Ho ricordato come mi era stato detto che l’endometriosi non era mortale e non mi avrebbe ucciso, eppure ero in terapia intensiva a lottare per la mia vita, incapace di respirare da solo. Mi sono risentito per i professionisti medici che mi hanno licenziato per così tanti anni – a causa della loro negligenza, le mie condizioni erano arrivate al punto di non ritorno.

Ho finito per richiedere un altro intervento chirurgico perché le mie viscere si erano attaccate l’una all’altra e causavano forti dolori e infiammazioni. L’infiammazione era così grave che entrambi i miei polmoni erano crollati.

Eccomi ancora una volta –—a lottare per la mia vita a causa dell’endometriosi. Non ho potuto mangiare per settimane, ho perso peso e avevo bisogno di essere sostenuto con una flebo fino a quando non potevo avere liquidi.

La parte più frustrante e straziante di tutto ciò non sono i molteplici interventi chirurgici e le lunghe degenze ospedaliere, ma i “e se”. Mi chiedevo quanto sarebbe stata diversa la mia situazione se qualcuno si fosse preso il tempo di ascoltarmi, prendere sul serio le mie preoccupazioni, indagare e fare ulteriori ricerche prima di ignorare le mie esperienze e i miei sintomi.

Ho immaginato quanto sarebbe stata diversa la mia vita, se avessi ricevuto cure adeguate e un intervento precoce.
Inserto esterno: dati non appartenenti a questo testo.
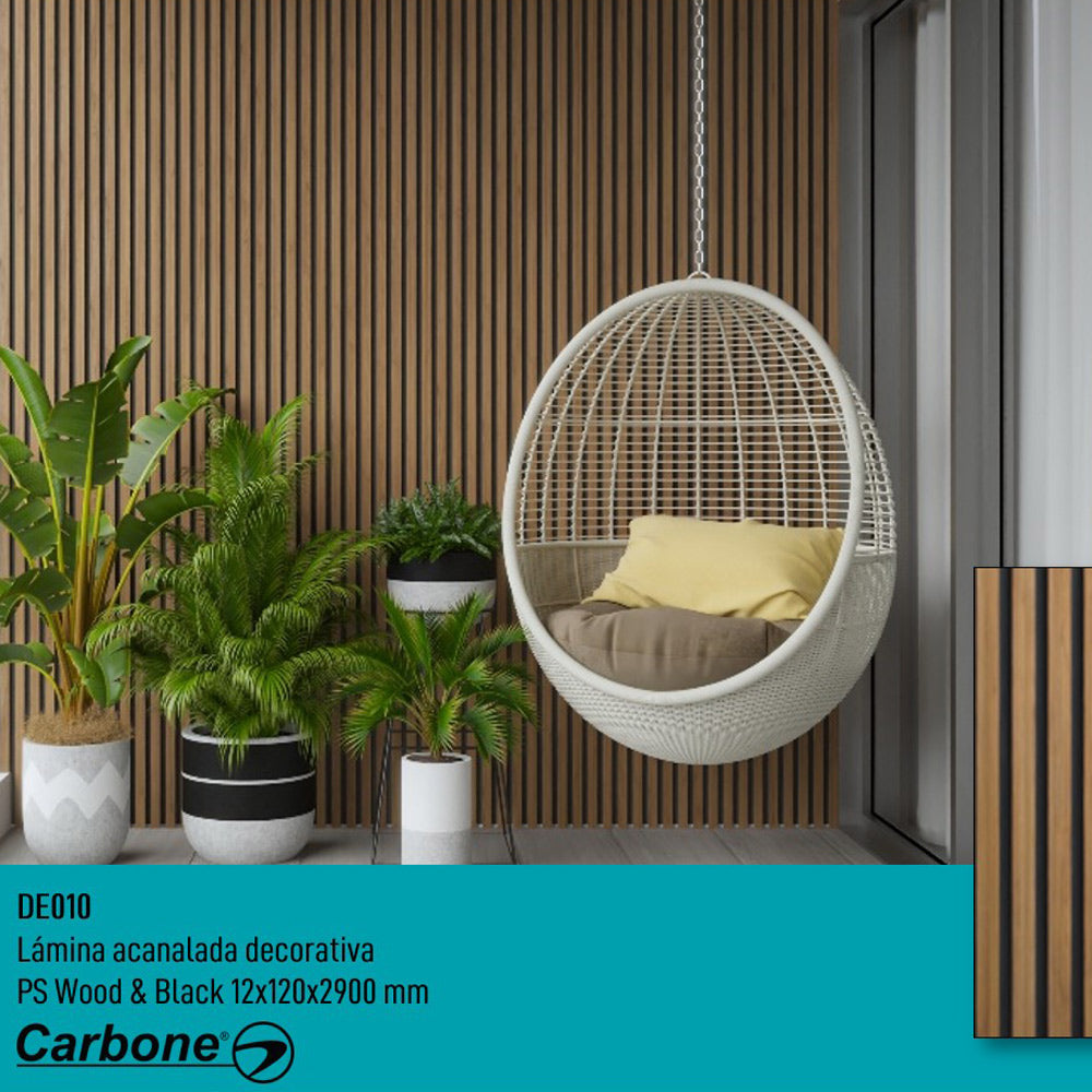 Lámina acanalada decorativa PS Wood and black 12x120x2900 mm - Liviano, resistente a la humedad y arañazos.

Forse non sarebbe andato così fuori controllo, forse sarebbe stato contenuto in una fase più moderata.

La discriminazione e il disprezzo per le persone con endometriosi devono cessare e i professionisti medici devono essere onesti sull’endometriosi. Se non sanno come trattarlo, va bene, ma dovrebbero fare ricerche o indirizzare il paziente a uno specialista invece di insistere sul fatto che l’endometriosi non è pericolosa per la vita o per la vita.
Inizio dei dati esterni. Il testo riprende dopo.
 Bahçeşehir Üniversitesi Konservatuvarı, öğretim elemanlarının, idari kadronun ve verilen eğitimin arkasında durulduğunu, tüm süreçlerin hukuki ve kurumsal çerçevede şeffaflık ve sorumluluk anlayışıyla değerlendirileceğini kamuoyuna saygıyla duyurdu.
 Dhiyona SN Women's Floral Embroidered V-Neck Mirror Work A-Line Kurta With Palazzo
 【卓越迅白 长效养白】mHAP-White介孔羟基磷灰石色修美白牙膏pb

La mia storia e quella di molti altri con una grave endometriosi sono una testimonianza di quanto sia pericolosa per la vita. Se le conseguenze dell’endometriosi grave fossero ampiamente conosciute, credo che costringerebbero gli operatori sanitari ad agire e a rimanere responsabili e proattivi nel fornire accesso alle cure dell’endometriosi.

La cura dell’endometriosi, a mio avviso, dovrebbe includere un intervento precoce per evitare che la malattia crei ulteriore scompiglio se questo può essere evitato. Lo stigma associato all’assistenza sanitaria delle donne rimane un fattore di morti e malattie non necessarie in tutto il mondo.

La mia speranza è che condividere la mia storia ispiri gli altri a difendere se stessi, a motivare le persone a ricercare maggiormente l’endometriosi e i finanziatori a investire nella ricerca sull’endometriosi. Nessuno merita di essere ignorato quando cerca assistenza medica.